LETTER FROM LONDON HEADLINES, 7/1/02 |
Kewley Leaves Scholastic |
Stoppard to Adapt Pullman; Potter #5 Waits on Rowling |
Puffin Reshaping |
Time Warner Launches New Teen List |
Usborne Moves into Fiction |
Celebrating Children's Books |
The success of children's books continues to be celebrated throughout the U.K. In London, the National Portrait Gallery is showing Beatrix Potter to Harry Potter: Children's Authors and Illustrators Through the Twentieth Century. The exhibition includes 54 portraits of the creators of cultural icons such as Peter Rabbit, Peter Pan, Noddy, Charlie Bucket and, of course, Harry Potter, alongside memorabilia such as J.K. Rowling's handwritten first drafts and the typewriter on which Enid Blyton banged out up to 10,000 words a day. The portraits range from the well-known portrait of Potter as an old woman in her beloved Lake District and Lord Snowdon's distinctive photograph of J.R.R. Tolkien posed magisterially under an enormous tree, to images of more recent writers such as Philip Pullman, who is shown outside the shed in which he writes. The exhibition remains at the National Portrait Gallery until August 26 and will open in Durham in December before moving to Brighton and Canterbury in 2003.
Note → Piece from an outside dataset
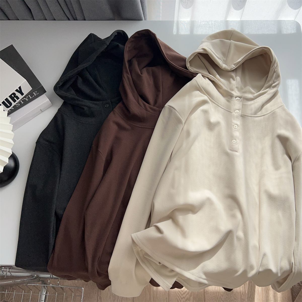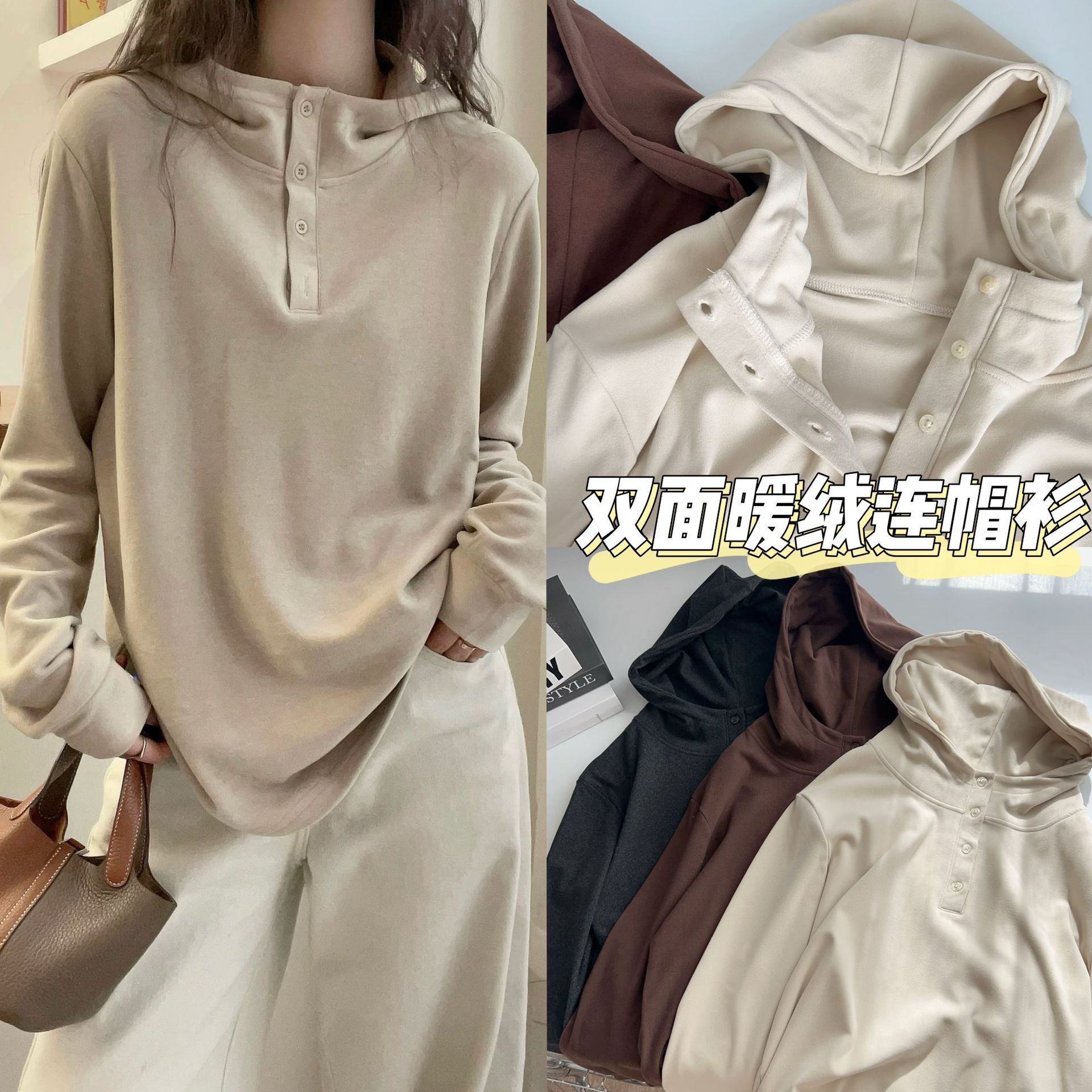 Главная страница > Двусторонний теплый бархат ~ Футболка с пуговицами свитер женская осень-зима

In Newcastle, Magic Pencil: Children's Book Illustration Today is on show at the Laing Art Gallery. Selected by Quentin Blake, it is an exhibition of original artwork designed to show the talent of contemporary illustrators. The 13 illustrators displayed include Blake himself, Shirley Hughes, Raymond Briggs, John Burningham, Tony Ross, Michael Foreman, Patrick Benson and newcomers Sara Fanelli and Lauren Child. The exhibition, devised and organized by the British Council, remains in Newcastle until September 15, before moving to the British Museum in London from November 2002 to March 2003.
In Edinburgh, This Book Belongs to Me, a celebration of children's books from Tom Thumb to Harry Potter, opened last month at the National Library of Scotland. The exhibition of books and manuscripts, which includes first editions dating back to 1682 as well as another draft from J.K. Rowling, is open until the end of October.